• jospehus
    4
    Here is my dilemma.

    Caesar is a human general, which is not a prime number.

    However when one affirms or denies a claim of this nature one affirms it the opposite claim.

    "Caesar is a prime number" seems to be identical to the statement "Caesar is a number that is prime."

    So the negations of both versions of the sentence would be "Caesar is not a prime number"(which seems sensible) and "Caesar is number that is not prime." (which is bonkers)

    So what gives?

    I want to say that "Caesar is a prime number" is a psudeo-statement but i fear that might commit me to logical positivism, which is of course dead.
  • Thorongil
    3.2k
    I'd say meaningless.

    logical positivismjospehus

    Statements can still be meaningless without logical positivism being true.
  • noAxioms
    1.3k
    So the negations of both versions of the sentence would be "Caesar is not a prime number"(which seems sensible) and "Caesar is number that is not prime." (which is bonkers)jospehus
    You were doing fine until here. That was not the negation.
    The negation of the latter sentence is "Caesar is not a number that is prime".
  • fishfry
    2.6k
    Of course not. Caesar is a salad. A salad is composed of many different individual ingredients. Therefore it is composite, and not prime.

    Glad I could help.
  • Abaoaqu
    11
    However when one affirms or denies a claim of this nature one affirms it the opposite claim.jospehus

    If I say the negation of "Carmen is rich", that is "Carmen is not rich", do I affirm that "Carmen is poor"?

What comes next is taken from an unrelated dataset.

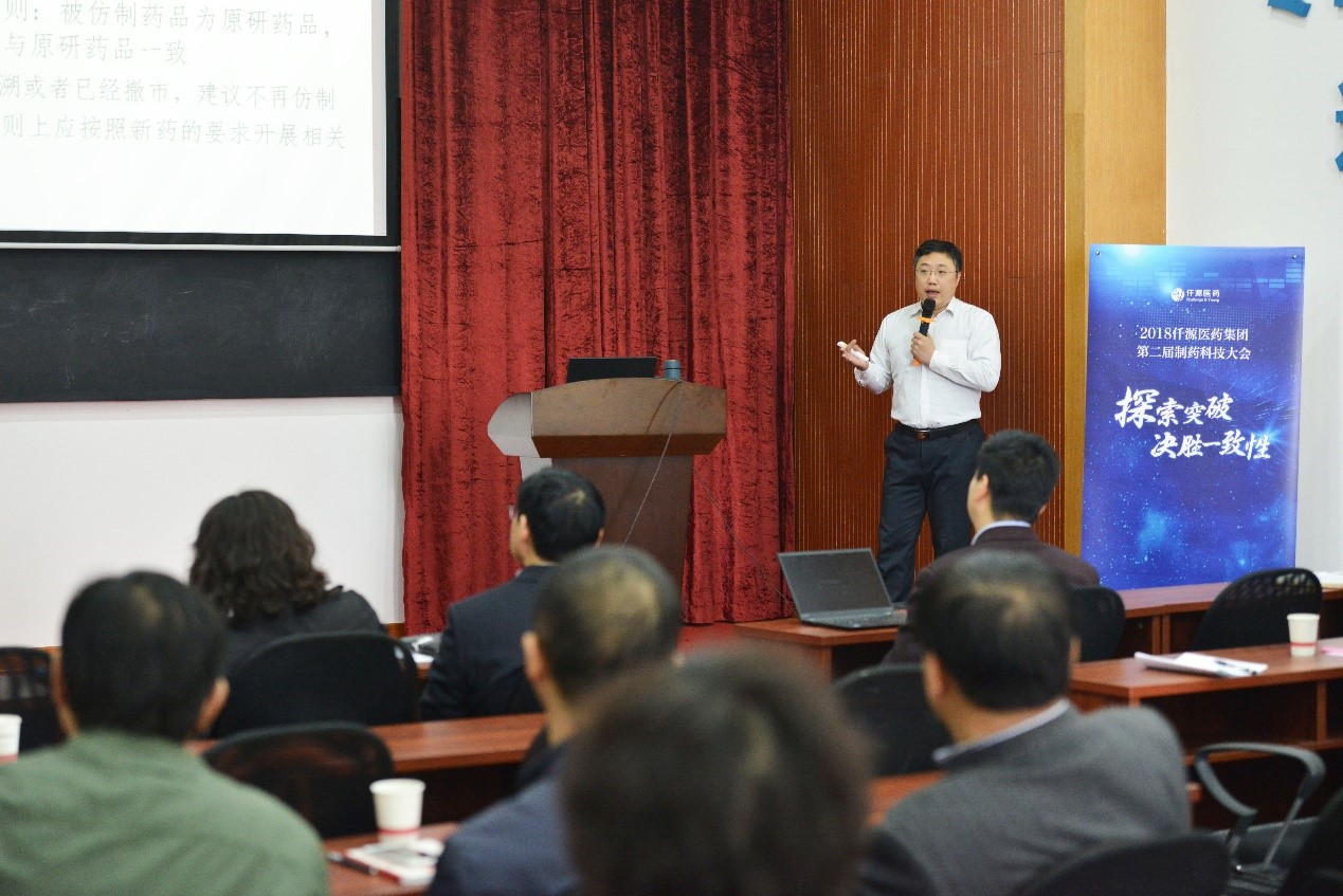 研发中心茅仁刚总经理就研发中心2018年的主要工作,做了题为《拼搏奋斗 创新突破》的主题发言,在回顾、总结2017年研发整体工作的基础上,阐述了2018年研发的主要任务与工作,研发中心的整合,硬件、软件建设及具体科研项目研究计划,并强调了一致性评价工作的重要性,必须做到优先安排,集中攻关,重点突破。

    Your claim would work where there are only two options, either x or y. If it isn't x it's y. But this isn't the case. What would be the opposite of "prime number" anyway? Or simply, what are "opposites"? (If anyone has a suggestion, It would be interesting to know)

    Back to the OP, in your example, you're referring to a specific person,
    a human generaljospehus
    named Caesar, very famous, so there is already a lot of knowledge attached to him, like how he is human. Then, the property of "being a human" is incompatible with the property of "being a number". Therefore, because Caesar is a human, he cannot be a number , so
    "Caesar is not a prime number"jospehus
    nor any number.
  • fishfry
    2.6k
    the property of "being a human" is incompatible with the property of "being a number"Abaoaqu

    What a wonderful thought. In the old days people had phone numbers like MUrray Hill 5-9975. You'd dial the MU characters on your dial phone. In the 1960's the phone company started phasing out those exchanges. Many people objected at the dehumanization, erasing the history of the exchange names, the neighborhoods they represented, and replacing them with numbers. Some people understood what was coming.

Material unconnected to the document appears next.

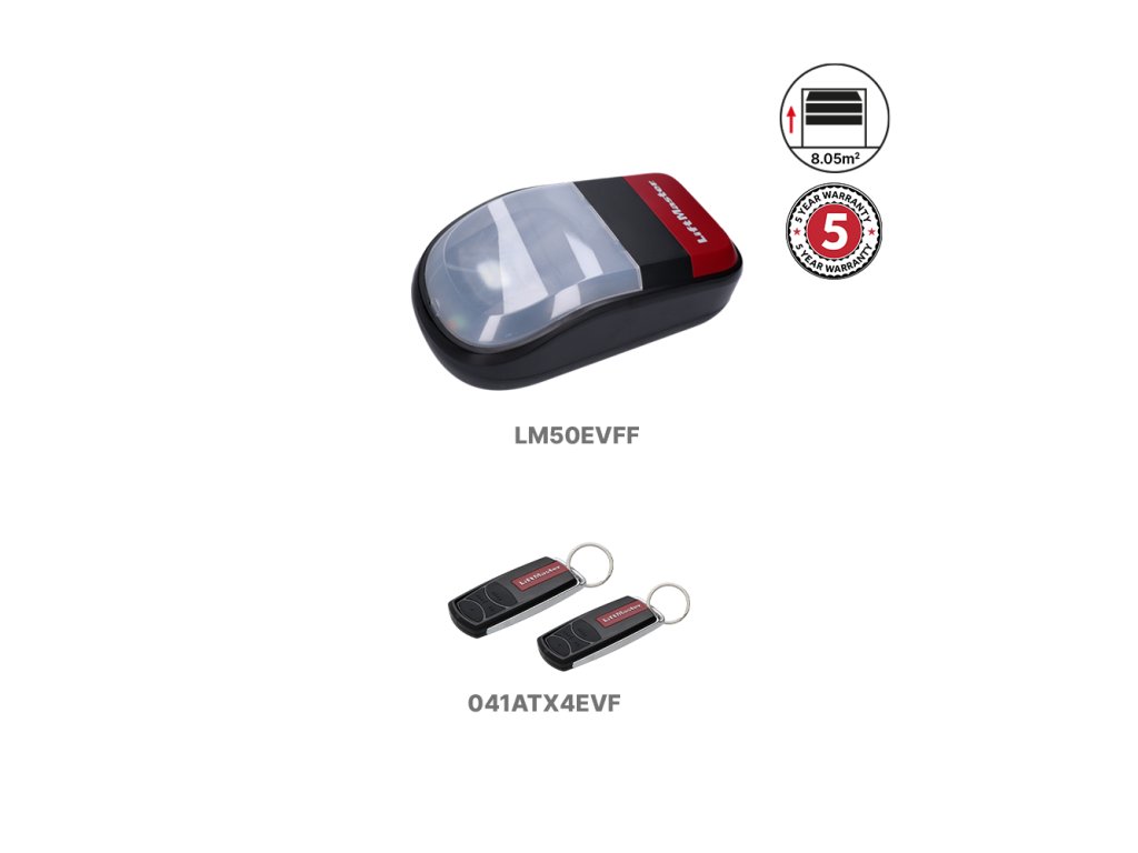 LiftMaster LM50EVFF1 je kompaktný a spoľahlivý 24V pohon pre garážovú sekčnú bránu do hmotnosti 80 kg, so šírkou brány do 3,5 metra, s výškou brány 2,3 metra. Pohon má integrované LED osvetlenie a kompaktný, moderný dizajn. Pohon podporuje technológiu myQ, ktorá umožňuje ovládanie brány odkiaľkoľvek prostredníctvom smartfónu, tabletu alebo počítača.

    In our contemporary AI society we are nothing but numbers, and not even individual numbers. We're datapoints in a huge "corpus" as they call a big pile of data. Data to be mined, sliced, diced, and statistically analyzed.

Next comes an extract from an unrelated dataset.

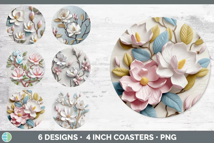 Similar Design Products to 3D Magnolia Flowers Round Coaster | Sublimation Coaster Desi

    The property of being a human IS incompatible with being a number. I have always felt that. But society is going the other way. We are each numbers and our world is stumbling one innovation at a time into a monstrous cybertotalitarianism.
  • Abaoaqu
    11
    In the old days people had phone numbers like MUrray Hill 5-9975.fishfry

    I didn't know that, thank you for sharing.

    In our contemporary AI society we are nothing but numbers, and not even individual numbers. We're datapoints in a huge "corpus" as they call a big pile of data. Data to be mined, sliced, diced, and statistically analyzed.fishfry

    Well, it's a question of simplicity. There are a lot of people who share the same name, and we don't want to confuse them, so it's just easier to use numbers that exist in an infinite amount. So I wouldn't say that
    In our contemporary AI society we are nothing but numbers,fishfry
    but rather "In our contemporary AI society we are represented by nothing but numbers". These numbers are linked to us but they're not us. They're basically substitutes for our names and while that isn't great, it's for simplicity's sake.